**YOUR OBJECTIVE:**
Repeat the listing exactly. Do not carry over any pictures.

**SUPPLIED MATERIAL:**
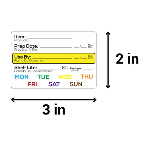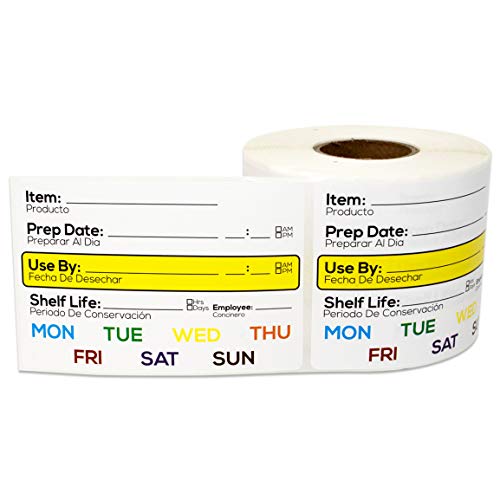 2″ x 3″ (50.8mm x 76.2mm) Freezer Food Rotation Food Date Labels, Freezer food Storage Labels – Color Coded Day of the Week, Name of Item, Person of Initials, Prep Date & Time, Use By in English & Spanish – 300 Labels/Roll, Total 600 FoodSaver Labels
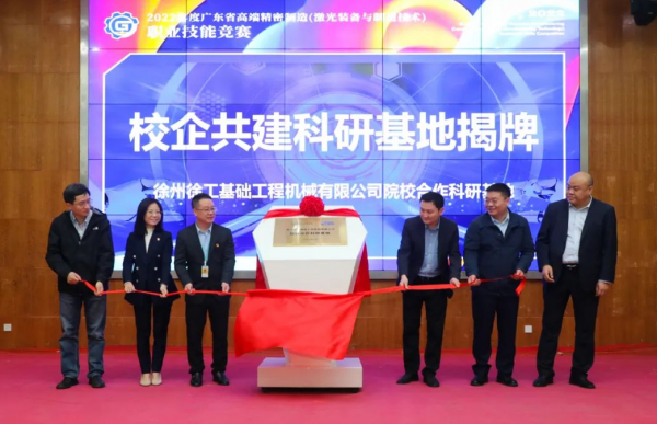 與會領導為學院與徐州徐工基礎工程機械有限公司校企共建科研基地揭牌。
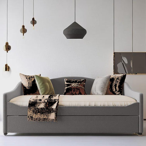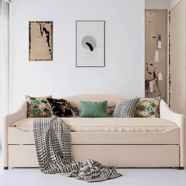 The wavy back and armrests of this upholstered daybed give a stylish and elegant feel. This modern silhouette not only adds to the bed's aesthetics but also provides additional support and comfort. Teddy fleece fabric is soft to the touch and has excellent wear resistance. There is a twin-size trundle bed at the bottom, which can be pulled out to provide a comfortable sleeping space when guests need to spend the night. Each side is equipped with LED light strips that provide soft and warm light, not only to create a comfortable environment for the user but also to be used as a night light. Sturdy slats provide even support for a comfortable sleep without the need for a box spring.

**TASK ANSWER:**
 2″ x 3″ (50.8mm x 76.2mm) Freezer Food Rotation Food Date Labels, Freezer food Storage Labels – Color Coded Day of the Week, Name of Item, Person of Initials, Prep Date & Time, Use By in English & Spanish – 300 Labels/Roll, Total 600 FoodSaver Labels
 與會領導為學院與徐州徐工基礎工程機械有限公司校企共建科研基地揭牌。
 The wavy back and armrests of this upholstered daybed give a stylish and elegant feel. This modern silhouette not only adds to the bed's aesthetics but also provides additional support and comfort. Teddy fleece fabric is soft to the touch and has excellent wear resistance. There is a twin-size trundle bed at the bottom, which can be pulled out to provide a comfortable sleeping space when guests need to spend the night. Each side is equipped with LED light strips that provide soft and warm light, not only to create a comfortable environment for the user but also to be used as a night light. Sturdy slats provide even support for a comfortable sleep without the need for a box spring.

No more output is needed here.